2021 Hazfi Cup

Tournament details
- Country: Iran
- Dates: 19 January 2021 – 8 August 2021
- Teams: 71

Final positions
- Champions: Foolad (1st title)
- Runners-up: Esteghlal

Tournament statistics
- Matches played: 70
- Goals scored: 154 (2.2 per match)

= 2021 Hazfi Cup =

The 2021 Hazfi Cup was the 34th season of the Iranian football knockout competition.

The competition began in January 2021 and the final was played on August 8, 2021. Foolad won their first title after defeating Esteghlal in the final.

==Participating teams==
A total of 71 teams (out of a possible total of 96 eligible teams) participated. The teams were divided into four main groups.
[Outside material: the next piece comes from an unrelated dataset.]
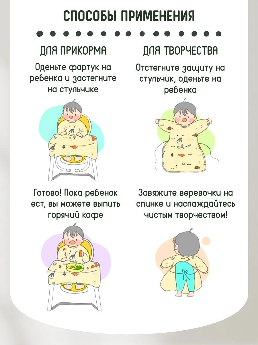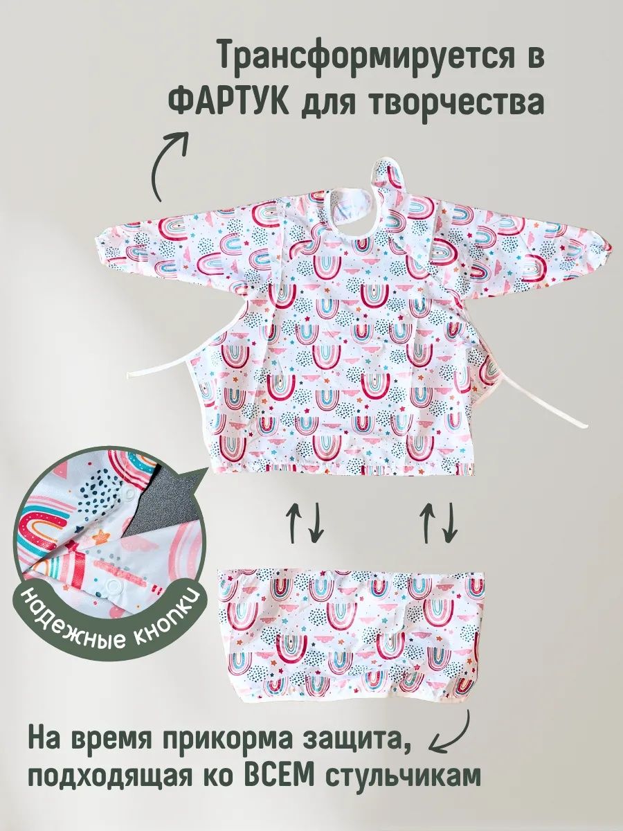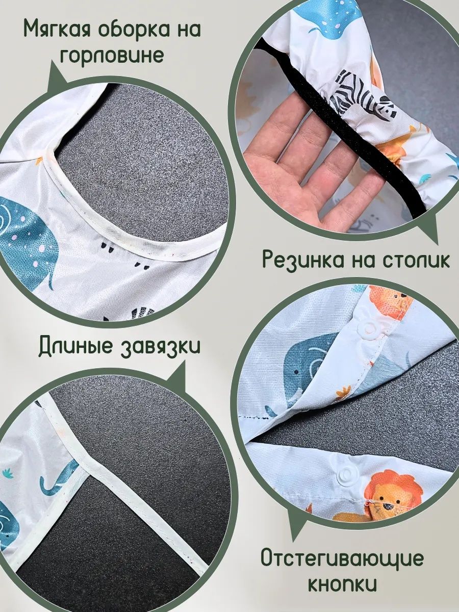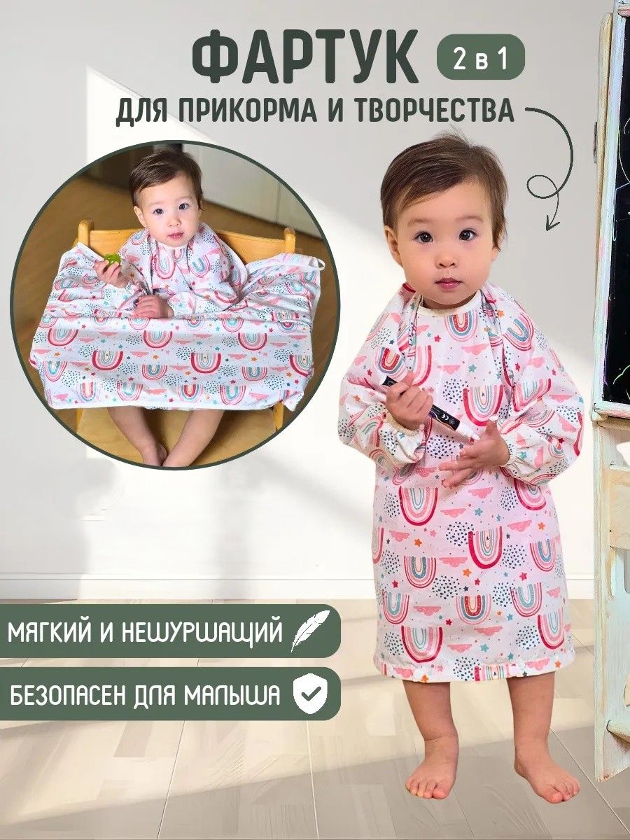 Нагрудник для кормления с рукавами — спасение для мам, уставших после каждого приема пищи полностью мыть малыша и менять одежду. Этот непромокаемый фартук надежно защищает одежду ребенка от пятен, каш, пюре и других загрязнений, позволяя малышу оставаться чистым даже во время активного прикорма. Благодаря удобному крою и длинным рукавам ребенок двигается свободно, а мама экономит время и силы — достаточно просто вытереть руки и рот крохи, и всё! Изготовлен из легкого, безопасного и быстро сохнущего материала, легко моется и подходит для ежедневного использования дома, в садике или на прогулке. Стильный дизайн делает процесс кормления приятным и веселым.
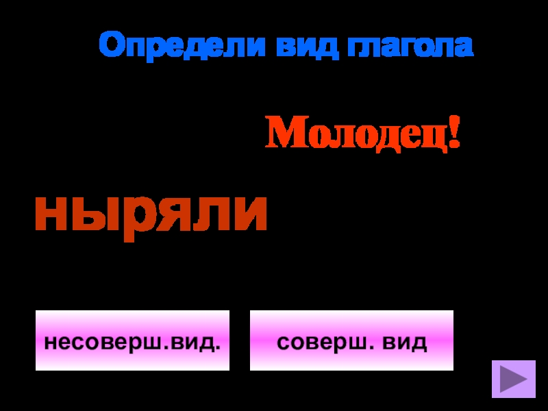Определи вид глаголасоверш. виднесоверш.вид.Молодец!ныряли

- 16 teams of the Persian Gulf Pro League: entering at the Round of 32.
- 13 teams (out of a possible total of 18 teams) of the Azadegan League: entering at the third round.
- 17 teams (out of a possible total of 28 teams) from the 2nd Division: entering at the second round.
- 25 teams (out of a possible total of 34 teams) from Provincial Leagues: entering from first round.

==Schedule==
The schedule of the competition is as follows.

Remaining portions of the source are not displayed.